TensorFlow-IO

TensorFlow - IO

在 tf.data 之前，一般使用 QueueRunner，但 QueueRunner 基于 Python 的多线程及队列等，效率不够高，所以 Google发布了tf.data，其基于C++的多线程及队列，彻底提高了效率。所以不建议使用 QueueRunner 了，取而代之，使用 tf.data 模块吧：简单、高效。

preload

直接将数据设置为常量，加载到TensorFlow的graph中。

import tensorflow as tf
x1 = tf.constant([2,3,4])
x2 = tf.constant([4,0,1])

y = tf.add(x1,x2)

with tf.Session() as sess:
    print(sess.run(y))

feed_dict

使用Python代码获取数据，通过给run()或者eval()函数输入feed_dict参数，传入数据，可以启动运算过程。

with tf.Session():
  input = tf.placeholder(tf.float32)
  classifier = ...
  print classifier.eval(feed_dict={input: my_python_preprocessing_fn()})

或者通过sess.run的feed参数

1
2
3

with tf.Session() as sess:
  result = sess.run(fetches=[mul, intermed],feed_dict={x1:inputX,y:outputY})
  print(result)

FileRead & QueueRuuner

基于队列（Queue）API构建输入通道（pipelines）,读取文件中的数据

原理介绍

使用字符串张量(比如[“file0”, “file1”]) 或者tf.train.match_filenames_once 函数来产生文件名列表。
文件名打乱（可选）（Optional filename shuffling）。
epoch限制（可选）（Optional epoch limit）
tf.train.string_input_producer 函数.string_input_producer来生成一个先入先出的文件名队列。
将文件名队列提供给阅读器Reader的read方法。
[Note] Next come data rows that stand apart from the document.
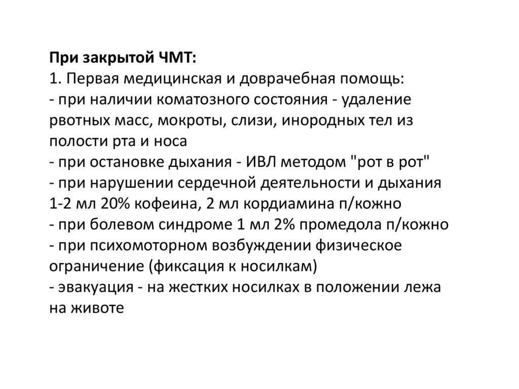 При закрытой ЧМТ:1. Первая медицинская и доврачебная помощь:
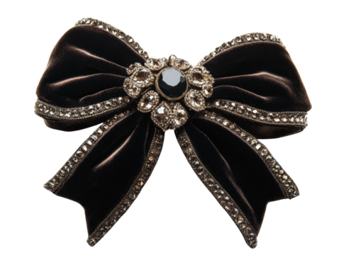 Elegant black bow with sparkling gems, perfect for accessories and fashion.
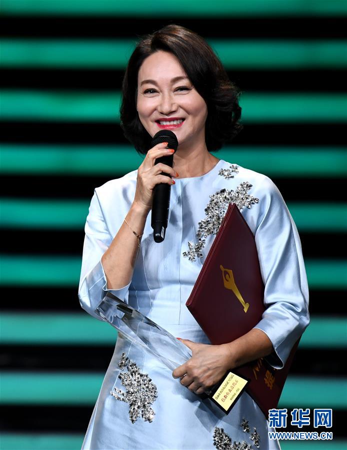 9月25日,获最佳女主角提名的演员惠英红在表彰仪式上发表感言。 当日,第35届大众电影百花奖提名者表彰仪式在河南郑州举行。仪式上,获得最佳影片、最佳男主角、最佳女主角、最佳导演等奖项提名的电影作品和电影人受到表彰。 新华社记者 李安 摄
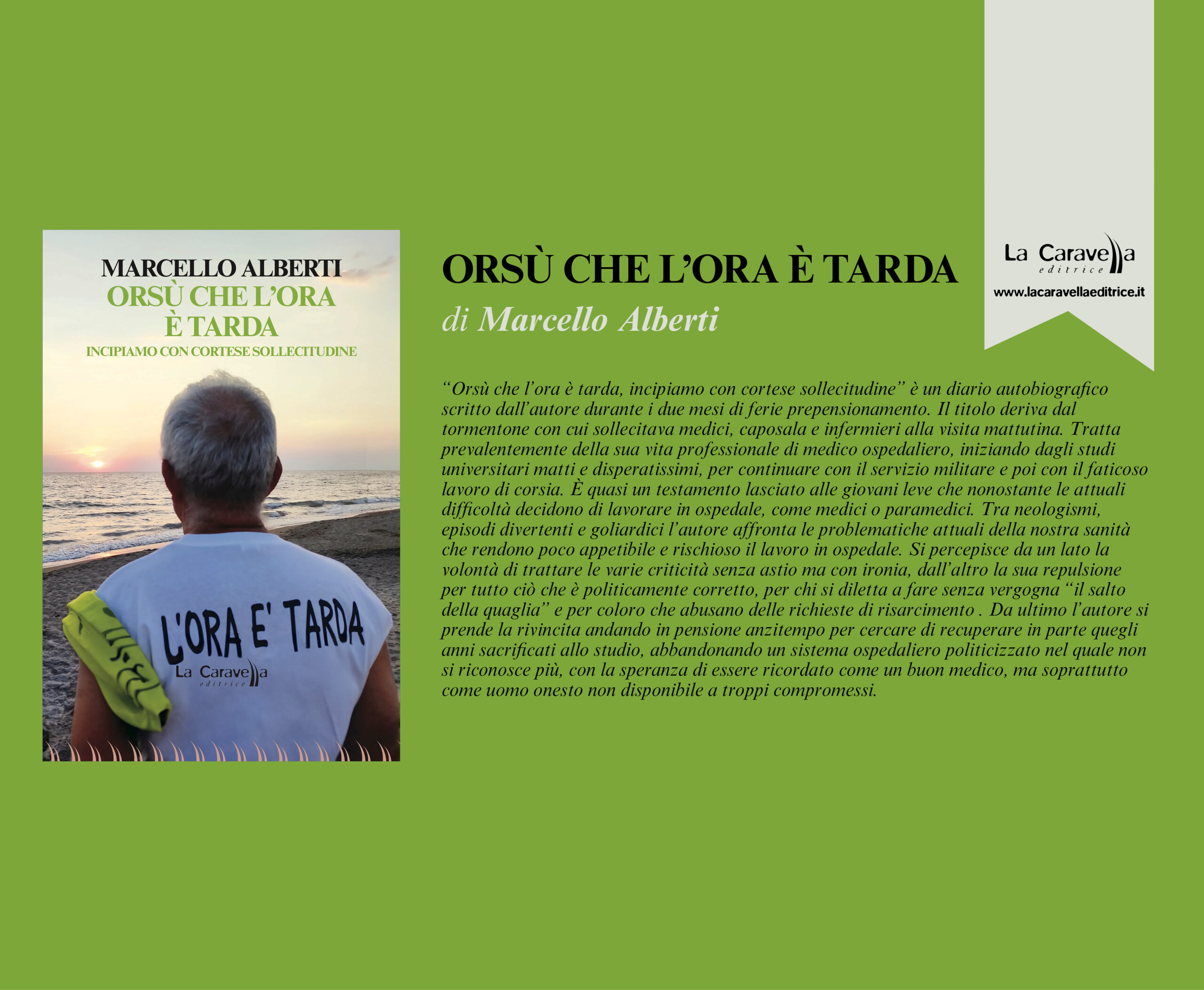 “Orsù che l’ora è tarda, incipiamo con cortese sollecitudine” è un diario autobiografico scritto dall’autore durante i due mesi di ferie prepensionamento. Il titolo deriva dal tormentone con cui sollecitava medici, caposala e infermieri alla visita mattutina.

文件阅读器来读取数据。需要根据不同的文件内容选取不同的文件格式。
decoder（A decoder for a record read by the reader）
预处理（可选）（Optional preprocessing）。然后你可以对examples进行你想要的预处理（preprocessing）。预处理是独立的（不依赖于模型参数）。常见的预处理有：数据的标准化（normalization of your data）、挑选一个随机的切片，添加噪声（noise）或者畸变（distortions）等。
在pipeline的末端，我们通过调用 tf.train.shuffle_batch 来创建两个queue，一个将example batch起来 for training、evaluation、inference；另一个来shuffle examples的顺序。

文件列表和文件队列生成

可以使用字符串张量(比如[“file0”, “file1”], [(“file%d” % i) for i in range(2)]， [(“file%d” % i) for i in range(2)]) 或者tf.train.match_filenames_once 函数来产生文件名列表。
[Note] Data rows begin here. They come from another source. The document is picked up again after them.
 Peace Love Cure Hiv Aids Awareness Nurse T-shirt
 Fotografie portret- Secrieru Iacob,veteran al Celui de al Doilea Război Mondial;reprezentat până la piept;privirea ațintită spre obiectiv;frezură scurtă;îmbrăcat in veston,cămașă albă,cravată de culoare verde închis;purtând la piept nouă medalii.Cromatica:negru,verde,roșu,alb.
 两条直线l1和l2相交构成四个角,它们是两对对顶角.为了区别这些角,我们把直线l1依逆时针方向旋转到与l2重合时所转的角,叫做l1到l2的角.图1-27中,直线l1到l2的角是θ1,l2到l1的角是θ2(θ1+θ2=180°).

将文件名列表交给tf.train.string_input_producer 函数.string_input_producer来生成一个先入先出的队列，文件阅读器会需要它来读取数据。

string_input_producer 提供的可配置参数来设置文件名乱序和最大的训练迭代数， QueueRunner会为每次迭代(epoch)将所有的文件名加入文件名队列中，如果shuffle=True的话，会对文件名进行乱序处理。这一过程是比较均匀的，因此它可以产生均衡的文件名队列。

CSV 文件读取

使用步骤：

使用textLineReader()阅读器。读取文件名队列
使用decode_csv()对内容解析

过程介绍：

read 方法每执行一次，会从文件中读取一行。然后 decode_csv 将读取的内容解析成一个Tensor列表。参数 record_defaults 决定解析产生的Tensor的类型，另外，如果输入中有缺失值，则用record_defaults 指定的默认值来填充。

在使用run或者eval 执行 read 方法前，你必须调用 tf.train.start_queue_runners 去填充 queue。否则，read 方法将会堵塞（等待 filenames queue 中 enqueue 文件名）。

代码示例：

filename_queue = tf.train.string_input_producer(["file0.csv", "file1.csv"])
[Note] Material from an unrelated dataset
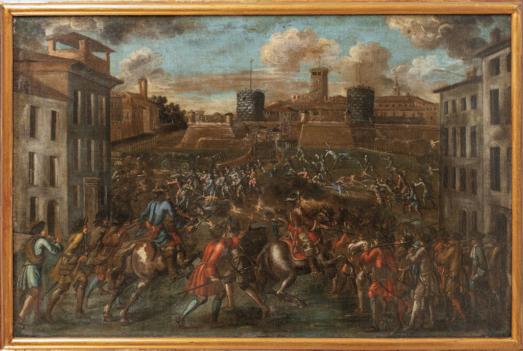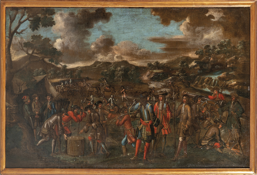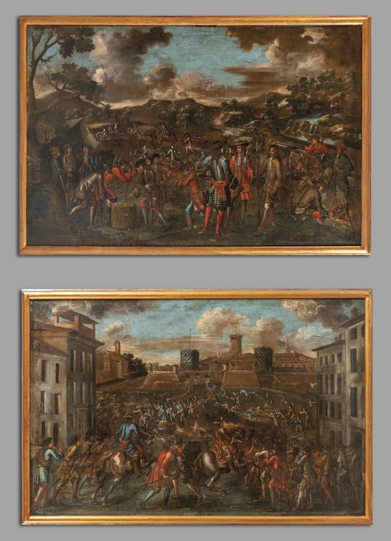 Scuola francese sec.XVII 'Battaglie' coppia di olii

reader = tf.TextLineReader()
key, value = reader.read(filename_queue)

# Default values, in case of empty columns. Also specifies the type of the
# decoded result.
record_defaults = [[1], [1], [1], [1], [1]]
col1, col2, col3, col4, col5 = tf.decode_csv(
    value, record_defaults=record_defaults)
features = tf.concat(0, [col1, col2, col3, col4])

with tf.Session() as sess:
  # Start populating the filename queue.
  coord = tf.train.Coordinator()
  threads = tf.train.start_queue_runners(coord=coord)

  for i in range(1200):
    # Retrieve a single instance:
    example, label = sess.run([features, col5])

  coord.request_stop()
  coord.join(threads)

bin文件读取

使用步骤：

使用一个 tf.FixedLengthRecordReader进行读取。
tf.decode_raw进行解析。解析成一个uint8 tensor。

使用过程：
the CIFAR-10 dataset的文件格式定义是：每条记录的长度都是固定的，一个字节的标签，后面是3072字节的图像数据。uint8的张量的标准操作就可以从中获取图像片并且根据需要进行重组。

tfrecord文件读取(Standard TensorFlow format)

使用步骤：

使用tf.TFRecordReader()进行读取
使用decode()函数进行解析

使用过程：

另一种保存记录的方法可以允许你讲任意的数据转换为TensorFlow所支持的格式，这种方法可以使TensorFlow的数据集更容易与网络应用架构相匹配。这种建议的方法就是使用TFRecords文件，TFRecords文件包含了tf.train.Example 协议内存块(protocol buffer)(协议内存块包含了字段 Features)。你可以写一段代码获取你的数据，将数据填入到Example协议内存块(protocol buffer)，将协议内存块序列化为一个字符串，并且通过tf.python_io.TFRecordWriter class写入到TFRecords文件。tensorflow/g3doc/how_tos/reading_data/convert_to_records.py就是这样的一个例子。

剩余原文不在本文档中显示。